The launch of Red Flags is still a few weeks off, but in the meantime, something must-read does come across the wire. Andy Cornell and Dan Berger have shared their assessment of the current period and what is portends for anti-authoritarian activists. (By way of Kazembe who just launched what promises to be the blog of the year.)
Ten Questions for Movement Building and Reflections on the Current Period has a "movement-centered" orientation that ontologically equates organized political parties and groupings on the revolutionary left with sectarianism, no matter their actual practice -- but lacks some of the knuckle-headed shallowness that generally passes for original thinking in these circles.
Both are dedicated anti-racists, anti-imperialists and anti-capitalists. Both reject Leninism and feel little need to even engage what it is. And in this, they are typical of activists around the USA at this point in time. I post this not because I agree much at all with what it says, but rather because it is honest, is the product of hundreds of discussions around the country, and, perhaps most importantly — because they actually want to see some motion in the movement is everything.
The traditional anti-authoritarian mix of social-democracy and anarchism is fully evident here, with serious objectives not discussed -- and the myriad obvious ways that it has limited resistance movements (from within) is not addressed.
While Dan and Andy look to Latin America as an exception to this rule -- it is the very proof in the pudding. See Venezuela, Argentina, Bolivia — and, yes, Mexico. If the proletariat cannot rule, according to the orthodoxies here, then it would seem the bourgeoisie is always up for the part.
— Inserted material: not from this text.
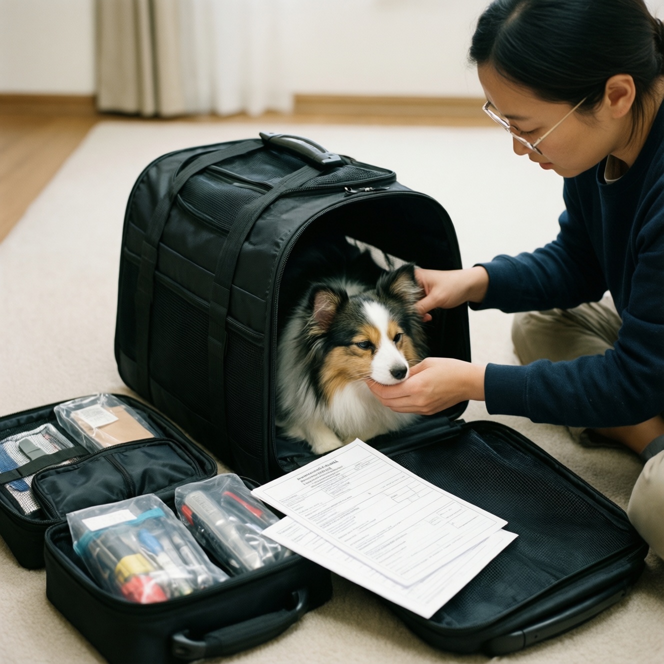 - Соберите дорожный набор: вода, корм, пелёнки, средства уборки, аптечка, поводок/шлейка.

In the same way that Berger's history of the Weather Underground takes their conceits at face value, this joint statement is rigorous only within the narrow limits it sets itself: anyone who has alternate answers to these questions is categorically denounced as "sectarian," fixated on "correct line," while the very line they agree on is always implicit. Quite a trick when looked at from outside, disheartening when its implications are grasped. And, it only works so long as proletarian politics don't have an organic presence... As Avakian remembered Lenin observing, anarchism remains payment for the sins of revisionism.
I would argue that the responsibility for this lies in the failures of the communist movement to fully break with what are genuinely authoritarian and reactionary ideological habits we've inherited. That revolutionary-minded thinkers such as these two remain divorced from the exciting developments among revolutionary communists is a tragedy. They continue to treat MLM as little more than a sectarian tic, which at this point I suspect is honest ignorance, and in so doing limit both themselves and the "range of the possible" among countless radicals looking to break on through.